FastSpeech2
FastSpeech2 copied to clipboard
Why do we need `batch_size=batch_size * group_size`? What is the point of the `group_size` variable?
How can group_size larger than 1 will enable sorting in Dataset ?
or Why do we need enable sorting in Dataset?
https://github.com/ming024/FastSpeech2/blob/d4e79eb52e8b01d24703b2dfc0385544092958f3/train.py#L31
batch_size = train_config["optimizer"]["batch_size"]
group_size = 4 # Set this larger than 1 to enable sorting in Dataset
assert batch_size * group_size < len(dataset)
loader = DataLoader(
dataset,
batch_size=batch_size * group_size,
shuffle=True,
collate_fn=dataset.collate_fn,
)
@chenming6615 Because in the collate_fn function, we need to sort all the utterances in a batch, which will cost time.
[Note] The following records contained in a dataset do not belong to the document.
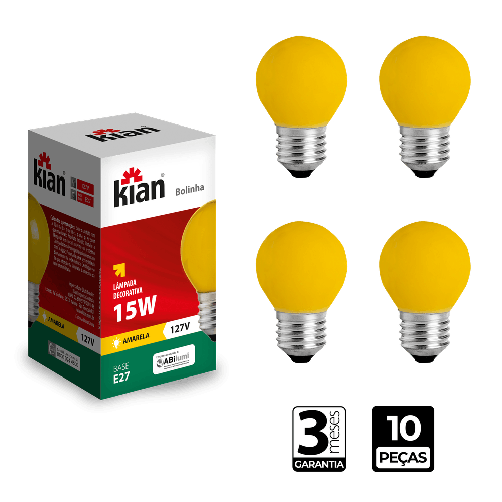 Lâmpada Incadescente Bolinha Amarela 15W Base E27 127V Kian - CX/10
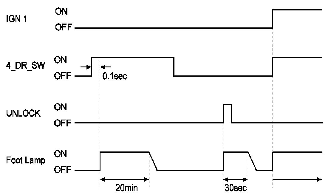 A. When foot lamp off & IGN1 off & all door closed, if transition of all doors closed to not (all doors closed) for more than 0.1 sec, foot lamp is turned on for 20 min.
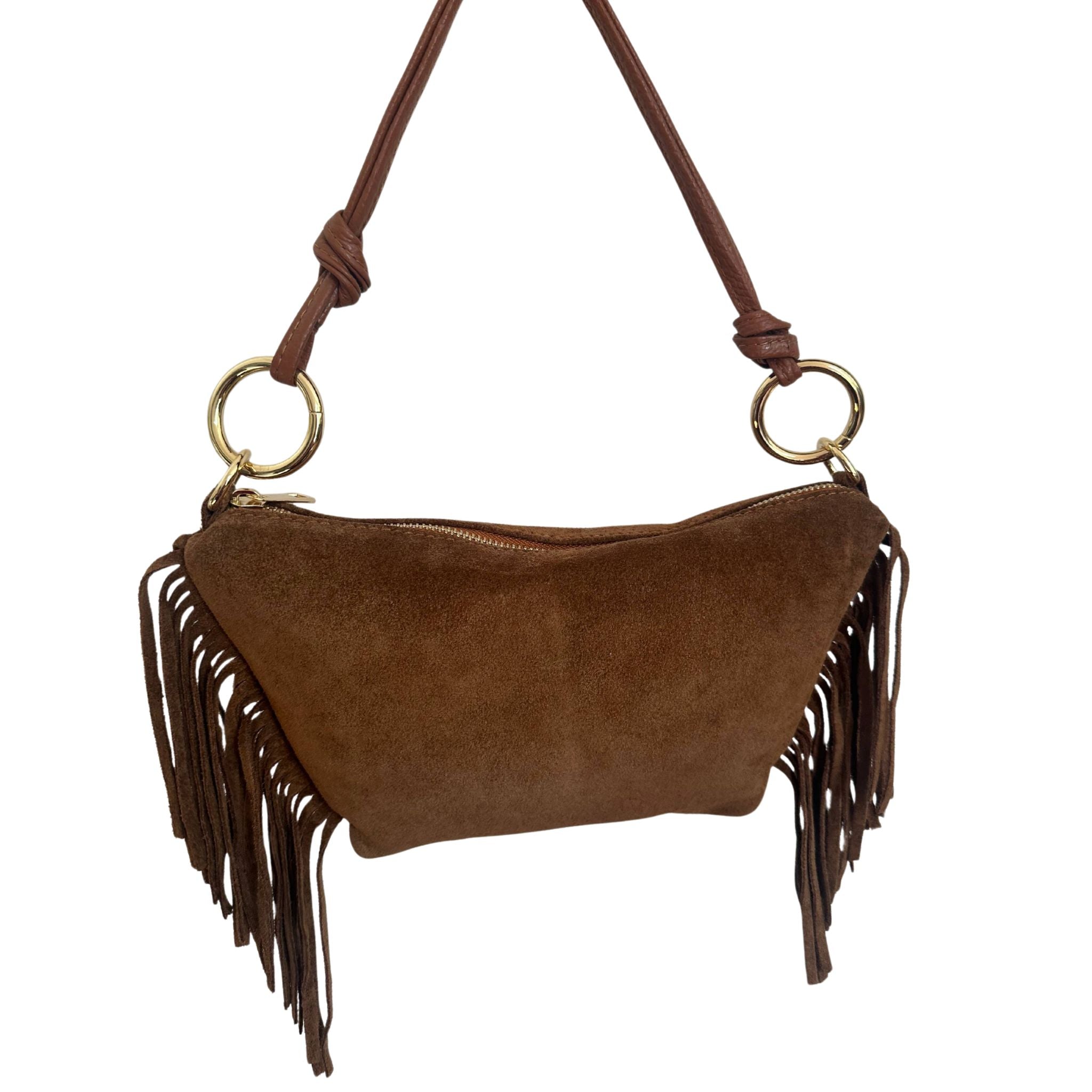 Musa Suede Fringe Bag - Cognac

If we set group_size > 1, we can sort all the utterances in a big batch, then split the big batch into several small batches for training, which will save time.
@chenming6615 Because in the collate_fn function, we need to sort all the utterances in a batch, which will cost time. If we set group_size > 1, we can sort all the utterances in a big batch, then split the big batch into several small batches for training, which will save time.
Thanks! But why do we need to sort all the utterances in a batch? Will it improve the training speed or accuracy?